## INFORMATION SHOWN
:::::
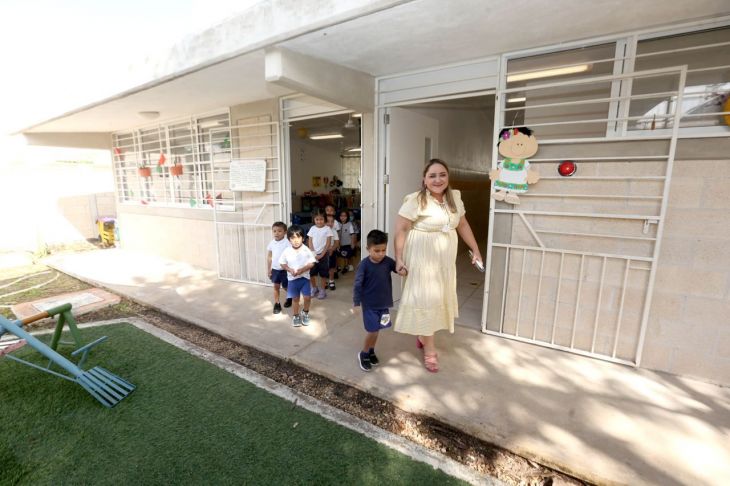 Niñas y niños del fraccionamiento Villa Jardín en Ciudad Caucel ya cuentan con espacios, adecuados, cómodos y cercanos para su educación, tras inaugurarse la escuela de nivel prescolar que lleva el nombre de la maestra Effy Luz Vázquez López, quien estuvo presente en el acontecimiento escolar.
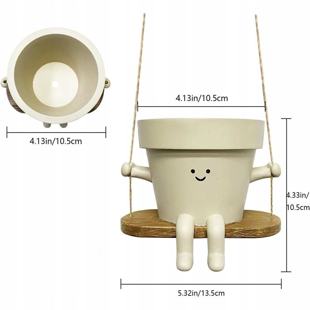 - Вигляд гойдалок у горщику дуже унікальний, як дитина, що сидить на гойдалках. Завдяки унікальному дизайну обличчя та посмішці, підвісний квітковий горщик додасть нотки веселощів і чарівності вашому саду чи кімнаті.
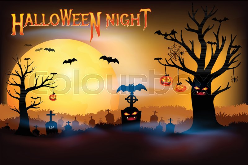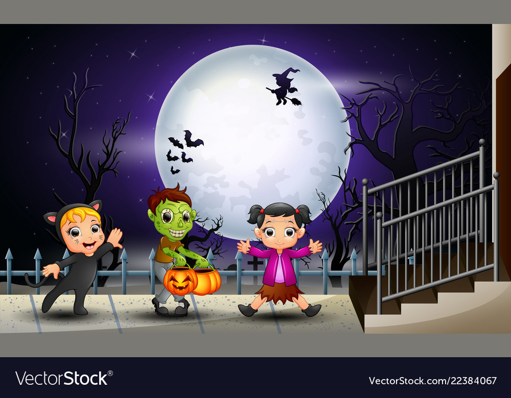 Happy Halloween Kids In Full Moon Background Graphic Vector Stock By Pixlr
:::::
Starting at the line that contains "- Вигляд гойдалок", transcribe every line through the end of the listing exactly, including both end lines and excluding pictures.

## OUTPUT OF THE EXERCISE
 - Вигляд гойдалок у горщику дуже унікальний, як дитина, що сидить на гойдалках. Завдяки унікальному дизайну обличчя та посмішці, підвісний квітковий горщик додасть нотки веселощів і чарівності вашому саду чи кімнаті.
 Happy Halloween Kids In Full Moon Background Graphic Vector Stock By Pixlr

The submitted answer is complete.